Wichtig ist aus Sicht des BMELV, dass die Verbraucher Kosten erkennen können, bevor sie anfallen. Daher wurden in den letzten Jahren mehrere Änderungen des Telekommunikationsrechts vorgenommen, die die Preistransparenz wesentlich verbessert haben. Unter anderem ist bei 0180er-Nummern und bei Werbung und Hinweisen auf 0900er-Nummern immer der Preis anzugeben. Bei 0900er-Nummern ist der Preis zusätzlich vor Beginn der kostenpflichtigen Verbindung anzusagen. Im Jahr 2009 wurden Preishöchstgrenzen für 0180er-Nummern beschlossen: Diese liegen bei 14 Cent pro Minute bei Anrufen aus dem Festnetz und bei 42 Cent pro Minute bei Anrufen aus dem Mobilfunknetz und gelten seit 01. März 2010. Vorher wurden für Anrufe aus dem Mobilfunknetz bei 0180er-Nummern oft ca. 80 Cent pro Minute berechnet.

Freiwillige Lösungen durch die Wirtschaft

Um Verbesserungen des Kundenservice zu erreichen, hat das BMELV daneben sehr auf freiwillige Lösungen durch die Wirtschaft gedrängt. Das Ministerium hat sich im Rahmen des IT-Gipfels der Bundesregierung mit Unternehmen der Telekommunikations- und IT-Branche auf einen „Leitfaden für die verbraucherfreundliche Kundenbetreuung“ verständigt. Dieser sieht bereits vor, dass Warteschleifen kostenfrei sind und durchschnittlich nicht länger als 30 Sekunden dauern sollen. Leider erhält das BMELV weiterhin zahlreiche Bürgerbeschwerden über die hohen Kosten von Service-Rufnummern. Deshalb werden diese Fragen im Rahmen der anstehenden Änderung des Telekommunikationsgesetzes erneut geprüft.

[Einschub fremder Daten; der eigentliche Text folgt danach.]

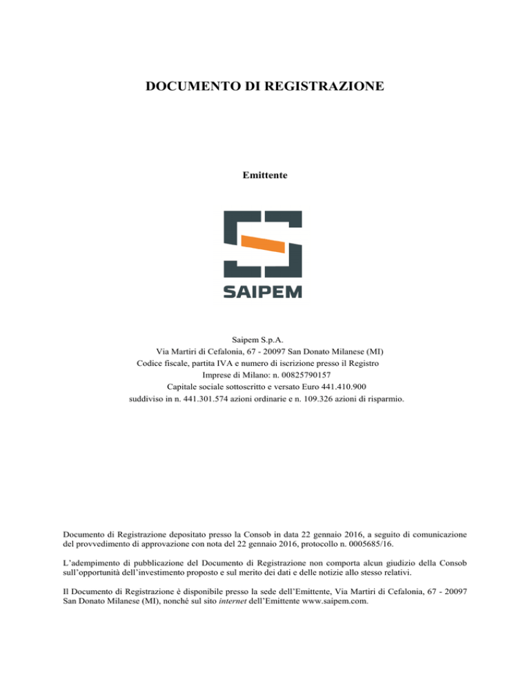 DOCUMENTO DI REGISTRAZIONE Emittente Saipem S.p.A. Via Martiri di Cefalonia, 67 - 20097 San Donato Milanese (MI) Codice fiscale, partita IVA e numero di iscrizione presso il Registro Imprese di Milano: n. 00825790157 Capitale sociale sottoscritto e versato Euro 441.410.900 suddiviso in n. 441.301.574 azioni ordinarie e n. 109.326 azioni di risparmio. Documento di Registrazione depositato presso la Consob in data 22 gennaio 2016, a seguito di comunicazione del provvedimento di approvazione con nota del 22 gennaio 2016, protocollo n. 0005685/16. L’adempimento di pubblicazione del Documento di Registrazione non comporta alcun giudizio della Consob sull’opportunità dell’investimento proposto e sul merito dei dati e delle notizie allo stesso relativi. Il Documento di Registrazione è disponibile presso la sede dell’Emittente, Via Martiri di Cefalonia, 67 - 20097 San Donato Milanese (MI), nonché sul sito internet dell’Emittente www.saipem.com. [PAGINA VOLUTAMENTE LASCIATA IN BIANCO] 2 AVVERTENZA Nel presente paragrafo Avvertenza sono riportate alcune informazioni ritenute importanti per gli investitori in relazione all’Aumento di Capitale di Saipem. Gli investitori, per un più preciso inquadramento dell’Aumento di Capitale, sono invitati a leggere attentamente il presente Paragrafo, la successiva Premessa nonché le informazioni fornite nel Documento di Registrazione e, in particolare, nel Capitolo dei Fattori di Rischio. Per i termini non definiti nella presente Avvertenza e Premessa si rinvia al Paragrafo delle definizioni. Nel triennio 2012-2014 e nei primi nove mesi del 2015 l’andamento gestionale del Gruppo Saipem è stato caratterizzato da un significativo deterioramento dei margini reddituali (a fronte di un andamento variabile dei ricavi, il risultato operativo è passato da un saldo positivo di Euro 1.245 milioni nel 2012 ad un saldo negativo di Euro 640 milioni nei primi nove mesi del 2015, mentre il risultato netto è passato da un saldo positivo di Euro 659 milioni nell’esercizio 2012 ad un saldo negativo di Euro 866 milioni nei primi nove mesi del 2015). L’indebitamento finanziario netto del Gruppo al 30 settembre 2015 è pari a Euro 5.736 milioni. In tale contesto si inserisce la programmata operazione di ridefinizione della struttura patrimoniale e finanziaria del Gruppo Saipem – di cui l’Aumento di Capitale oggetto del Documento di Registrazione è parte integrante - finalizzata a conseguire un rafforzamento patrimoniale dell’Emittente e l’indipendenza strategica e finanziaria del Gruppo Saipem dall’Eni da perseguire attraverso il rimborso del debito verso Eni. Tale operazione prevede (i) l’Aumento di Capitale di Saipem per Euro 3.500 milioni (i proventi della ricapitalizzazione sono destinati a rimborsare una porzione del debito verso Eni per un corrispondente importo) e (ii) il rifinanziamento dell’indebitamento finanziario lordo del Gruppo Saipem a valle dell’Aumento di Capitale, consistente nel rimborso di una quota di debito verso Eni pari a circa Euro 3.200 milioni da effettuare attraverso le risorse derivanti dal Finanziamento che un pool di Banche si è impegnato ad erogare subordinatamente, tra l’altro, alla liberazione integrale dell’Aumento di Capitale. Si fa presente che alla Data del Documento di Registrazione la stima del fabbisogno finanziario netto per i 12 mesi successivi alla Data del Documento di Registrazione è pari a circa Euro 980 milioni. L’Emittente prevede che a valle dell’Aumento di Capitale e del Finanziamento tale fabbisogno finanziario corrente venga meno per effetto del miglioramento del profilo di rischio della struttura del debito in relazione all’allungamento delle scadenze sul medio-lungo termine. Ai suddetti fini alla Data del Documento di Registrazione: (i) Eni e FSI hanno assunto impegni di sottoscrizione in relazione all’Aumento di Capitale, per una partecipazione complessiva pari al 42,9% del capitale sociale ordinario di Saipem e al 43,1% del totale delle azioni ordinarie con diritto di opzione; (ii) i Garanti hanno assunto gli impegni di garanzia in relazione all’Aumento di Capitale, per una partecipazione complessiva pari al massimo al 57,1% del capitale sociale ordinario di Saipem, in ragione dell’entità dell’inoptato; (iii) il pool di Banche si è impegnato ad erogare il Finanziamento per Euro 4.700 milioni in favore di Saipem (il Finanziamento in parola è destinato, oltre che a rimborsare una quota di debito verso Eni per Euro 3.200 milioni, anche a mettere a disposizione del Gruppo risorse finanziarie per Euro 1.500 milioni a copertura delle eventuali oscillazioni del livello di capitale d’esercizio netto). Va segnalato che i suddetti impegni sono soggetti a numerose condizioni risolutive e che il positivo esito dell’Aumento di Capitale e del rifinanziamento dell’indebitamento finanziario lordo del Gruppo è strettamente connesso alla validità ed efficacia dei suddetti impegni e accordi contrattuali che, pur essendo giuridicamente autonomi, sono tra loro reciprocamente collegati e condizionati. Si fa rinvio alla Premessa, nonché al Capitolo VII, Paragrafo 7.1, al Capitolo XVIII, Paragrafo 18.1, e al Capitolo XXII del Documento di Registrazione per la descrizione delle condizioni risolutive sottostanti ai suddetti impegni. Si evidenzia che l’eventuale mancato buon esito della complessiva operazione di ridefinizione della struttura patrimoniale e finanziaria del Gruppo Saipem comporterebbe l’indisponibilità totale delle risorse finanziarie attese sia dall’Aumento di Capitale sia dall’erogazione del Finanziamento necessarie per effettuare il rimborso del debito del Gruppo Saipem verso Eni per un importo pari a Euro 6,7 miliardi e perseguire l’obiettivo di indipendenza strategica e finanziaria da Eni. In tale contesto il Gruppo Saipem, – pur disponendo ai fini della copertura del fabbisogno finanziario netto corrente di linee di credito non utilizzate (per 
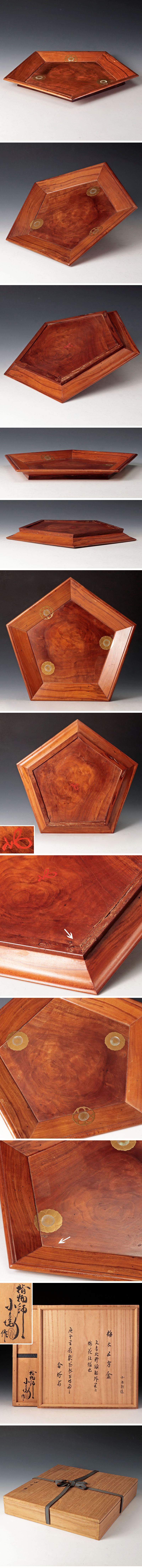 【古美味】指物師 一瀬小兵衛『官休庵(愈好斎)花押』梅木五方盆 茶道具 保証品 |
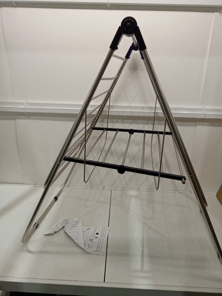 One of the drying rack poles is bent/warped, likely does not affect function. A small screw will be needed to reattach the middle rack.
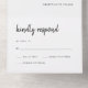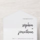 These elegant, minimalist all-in-one wedding invitations feature modern script typography and clean, sans serif text for a simple and stylish black and white design you will love. Detachable RSVP response card is attached.
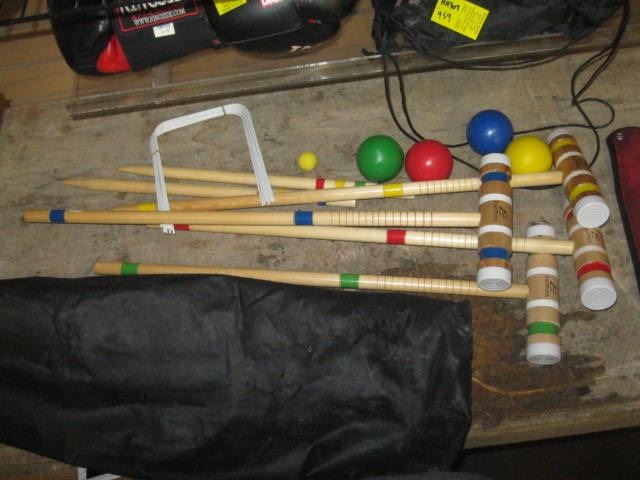 BAG W/CROQUET MALLETS, BALLS, ETC.
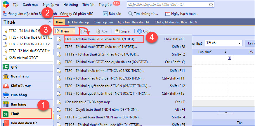 Bước 1: Vào phân hệ Thuế \nhấn Thêm\chọn TT80 – Tờ khai thuế GTGT khấu trừ (01/GTGT)
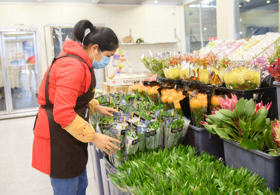 “我们市场今年2月22日正式复市,是广州市第一批复市的专业市场之一。但由于错过了情人节,复市后初期销量仅为同期三成左右。”五眼桥经济联社党总支副书记、岭南花卉市场总经理王艳珊表示,事实上,春节过后,紧接着几个月是情人节、清明节、母亲节,线下销售恢复缓慢,很多花都压在田里卖不出。而鲜切花保鲜期一周时间,作为全国一级市场,后面还有二级、三级等市场,因此对时效性的要求格外高。
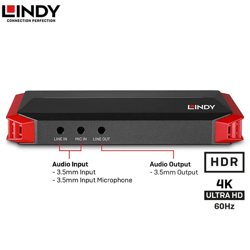 Lindy #43377 Video Capture Card 4K HDMI to USB Type C Records video resolusi 4K@30Hz dan audio dari perangkat sumber HDMI Input and loop-out port mendukung resolusi hingga 4K@60Hz Records WQHD dan FullHD pada resolusi 60Hz Dengan video capture ini, Anda da
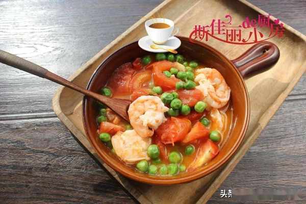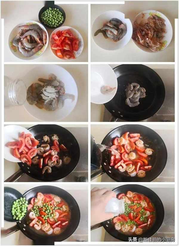 制作:鮮大蝦去殼後,從蝦背上剝開,挑出蝦線,這樣用鮮蝦取出來的蝦仁比冰凍的蝦仁更鮮嫩, 蝦仁加入少許鹽、料酒和淀粉等調味料拌均勻。熱鍋涼油,將醃制好的蝦仁放進中鍋翻炒至變色,加入番茄塊進鍋翻炒至微微出汁,加入少許水燉煮,再加入準備好的豌豆米進鍋去煮,最後加入少許鹽和胡椒粉調味即可。
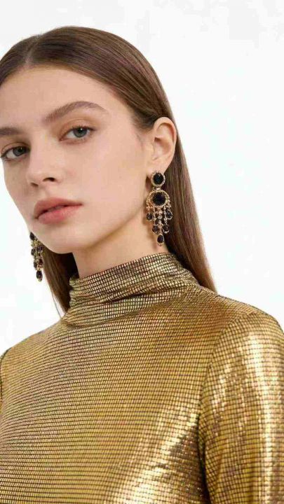 烫金半高领上衣600pcs Gold-plated half-thigh-neck top,1 design 2 color,...
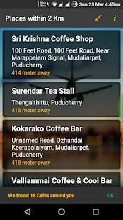 *Now,if a particular type of place is not available near you,the app will search for further distances.
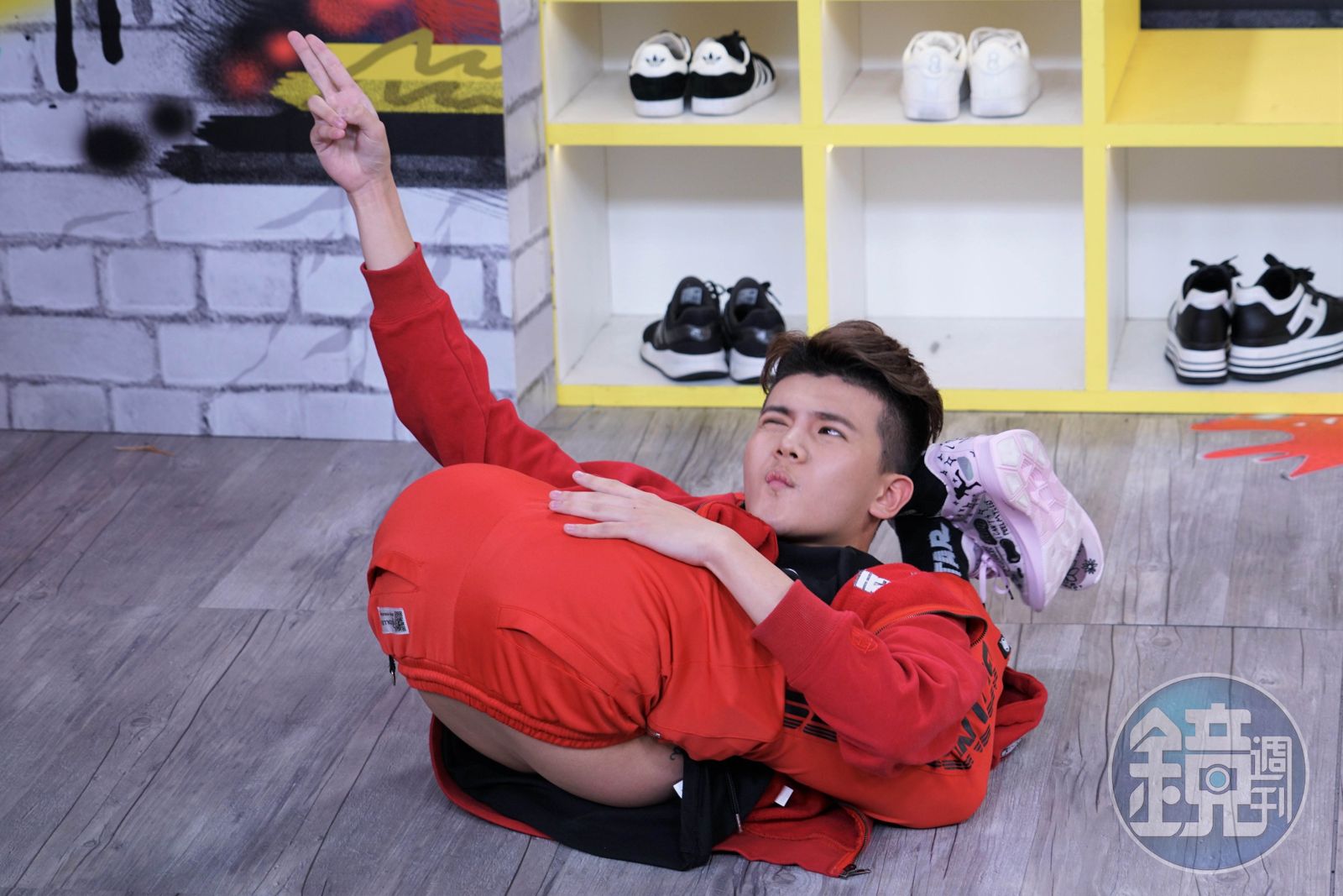 當音樂一下,孫生立刻跳起舞,並以超荒謬的「大法師」軟骨功做Ending pose,將雙腳扣住脖子在地上旋轉,笑說:「哥,這你一定做得到,我們家都這樣幫自己檢查痔瘡啊!」

Bei 0180er-Nummern kann bislang die Wartschleife technisch nicht vom kostenpflichtigen Dienst unterschieden werden. Hier arbeitet die Bundesnetzagentur daran, diese Unterscheidbarkeit herzustellen, wie dies bereits bei 0900er-Nummern möglich ist. Parallel dazu wurde die Wirtschaft aufgefordert, eigene Lösungsvorschläge zu erarbeiten. Die Telekommunikationsbranche prüft derzeit, inwieweit entsprechende Regelungen bereit gestellt werden können.

Erfolgreiche Reklamationen: Hotlinekosten können geltend gemacht werden

Ein weiteres Problem ist die Kostenpflichtigkeit der Servicerufnummern etwa bei Reklamationen. Für Kunden ist es unbefriedigend, wenn sie ihre Rechte bzw. Ansprüche gegenüber einem Unternehmen nur durch die Inanspruchnahme einer teuren Hotline geltend machen können. Nach geltendem Recht können sich die Kunden in Gewährleistungsfällen die Telefonkosten vom Unternehmen ersetzen lassen. In der Praxis fordern dies allerdings nur wenige Kunden ein, entweder, weil sie ihr Recht nicht kennen oder weil es sich um relativ geringe Beträge handelt und sie daher den Aufwand scheuen.